Chemotherapy, hormonal therapy and biological therapy

Др Ивана Минић

Прим др Милош Почековац

     Systemic therapy for breast cancer includes chemotherapy, hormonal therapy, and biological or targeted therapy.

CHEMOTHERAPY

     The application of adjuvant – preoperative chemotherapy aims to reduce the risk of the presumed risk of relapse of the disease by its cytostatic effect on possible micrometastases. Individual risk for disease relapse is determined by classifying an individual patient into one of the prognostic groups. Therefore, it is necessary to determine all prognostic parameters in each individual patient with early breast cancer using pathohistological and clinical methods: standard histopathological analysis, size, type and grade of the tumor, vascular invasion, involvement and number of affected axillary lymphatics, estrogen and progesterone receptors, HER2 status, as well as the patient’s age and menstrual status. Adjuvant chemotherapy is recommended in patients with moderate, and especially in those with a high risk of disease relapse. Of the ten chemotherapy regimens that are most commonly used in adjuvant therapy, those containing anthracyclines – AS are recommended for high-risk patients, especially if there is HER2 overexpression or amplification. The optimal length of adjuvant chemotherapy has not been fully investigated, but it is most often applied during 6 to 8 cycles, ie it lasts 18-24 weeks. A shorter application of 12-16 weeks may be suitable for elderly patients. The use of taxanes is recommended in patients with node-positive tumors, especially those belonging to the high-risk category.

HORMONE THERAPY

     Premenopausal women

     Women with estrogen and progesterone receptor positive ER+ and/or PR+ should receive tamoxifen for 5 years.

     Postmenopausal women

     All women with positive steroid receptors ER+ and/or PR+ should receive: 5 years of TAM, 2-3 years of TAM → then an aromatase inhibitor until 5 years from the start of adjuvant hormone therapy, or an aromatase inhibitor for 5 years. Women with node-positive breast cancer who have completed five years of adjuvant treatment with tamoxifen, with a high risk of disease relapse, can continue treatment with aromatase inhibitors for another 5 years, for a total of 10 years after starting adjuvant chemotherapy.
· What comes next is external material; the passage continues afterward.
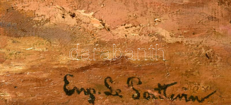 Eugen Le Potterin (?) jelzéssel: Tengerparti jelenet vitorlásokkal és ...

BIOLOGICAL OR TARGETED THERAPY

     In 20-30% of the world, and in our country, in about 15% of breast cancers, a tumor disorder is present: increased synthesis of the HER2 receptor protein on the cell surface and/or amplification of the HER2 gene in the nucleus. The presence of HER2 receptor on the tumor cell surface is determined by immunohistochemical method and is expressed as 0, 1+, 2+ and 3+. HER2 positive breast cancer is considered a result marked IHH 3+ more than 30% of tumor cells show homogeneous and intense staining of the cell membrane. A HER2 result labeled IHH 2+ represents tumors whose HER2 status is unreliable, requiring retesting by CISH or FISH. This determines whether there is amplification of the HER2 gene, the presence of which means HER2 positive status. In ER+ and/or PR+, and HER2 + patients, adjuvant Herceptin and adjuvant hormonal therapy are administered concomitantly.

     The text was taken from the site “Wide version of the guide for diagnosing and treating breast cancer“.

 

IF YOU NOTICE ANY CHANGE IN YOUR BREAST, BE SURE TO CALL YOUR DOCTOR!!!

BREAST SELF-EXAMINATION IS NOT A SUBSTITUTE FOR GOING TO THE ONCOSURGEON AND RADIOLOGY WHO PERFORMS BREAST ULTRASOUND AND MAMMOGRAPHY!!!